Hi,
I am currently using a server which has 3 connectX6 NICs. We see the following warnings in the dmesg (just one NIC instead of all three):
[7179280.266969] mlx5_core 0000:25:00.1: temp_warn:173:(pid 0): High temperature on sensors with bit set 2 8000000000000000
[7179280.267064] mlx5_core 0000:25:00.0: temp_warn:173:(pid 0): High temperature on sensors with bit set 2 8000000000000000
[7181310.306025] mlx5_core 0000:25:00.0: temp_warn:173:(pid 0): High temperature on sensors with bit set 0 8000000000000000
[7181310.306111] mlx5_core 0000:25:00.1: temp_warn:173:(pid 0): High temperature on sensors with bit set 0 8000000000000000
We are running RoCEv2 with PFC and we see high amount of TX PFC pause frames, with high pause duration being sent from all three NICs not just the one appearing in dmesg and this correlates with the increase in module (transceiver) temperature.
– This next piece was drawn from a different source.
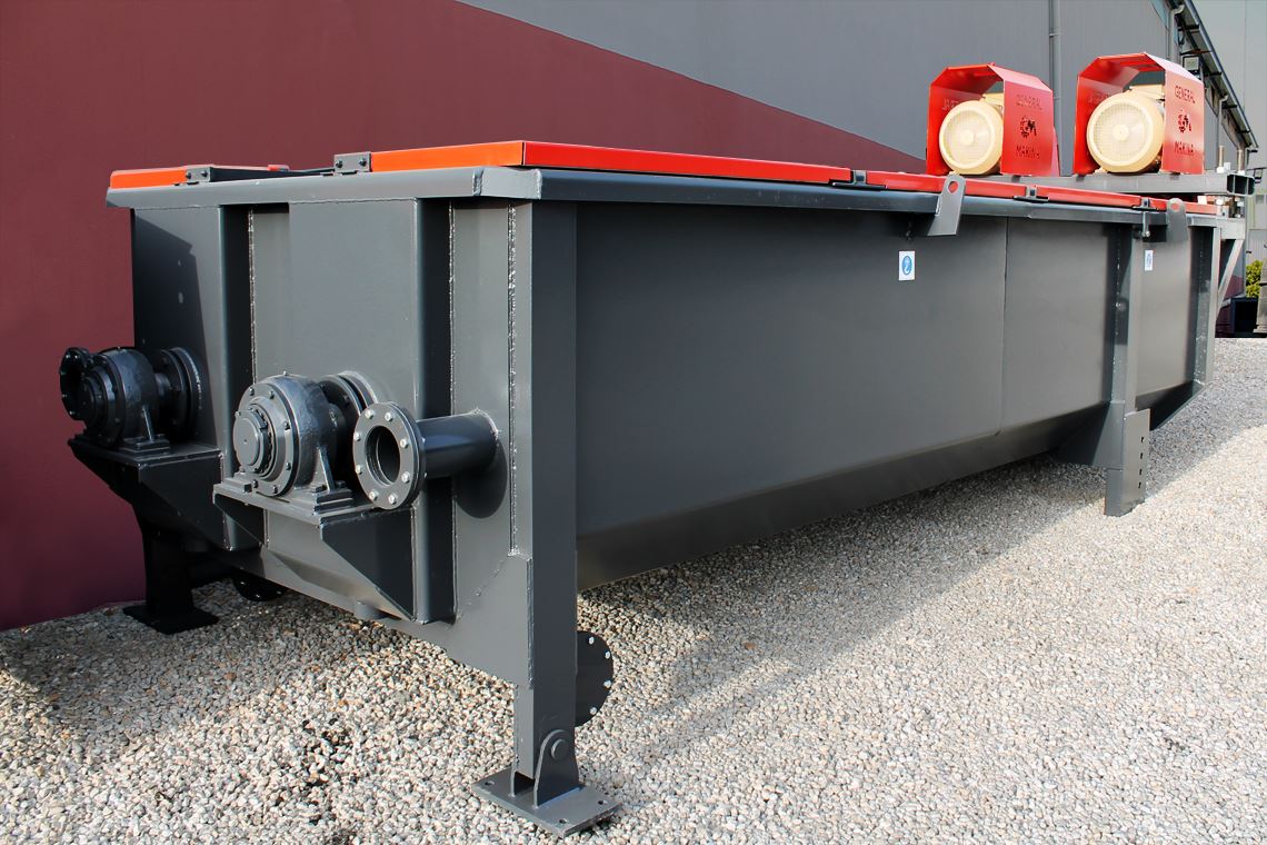 L'excès d'eau dans le système est évacué par les goulottes d'évacuation avant de dépasser le niveau autorisé par l'angle de travail déterminé dans l'installation de la machine. Si vous le souhaitez, les dépenses en eau dans le système peuvent être réduites au minimum grâce à la pompe de circulation en option.

When we increase the cooling of the system we see that the issue is mitigated and we don’t see the backpressure from the server. Interestingly another server with exact same NICs and firmware version, and under similar thermal conditions doesn’t encounter the same behavior.
My questions are the following:
- Can the high temperature on the NIC or transceiver cause a high amount of tx PFC being sent from the NIC?
- How well is the threshold for the dmesg error tuned? Can we observe the high TX PFC behavior even on the NICs which don’t hit the threshold as we are seeing here (no error message for other two NICs but high amount of TX PFC for the other two NICs too).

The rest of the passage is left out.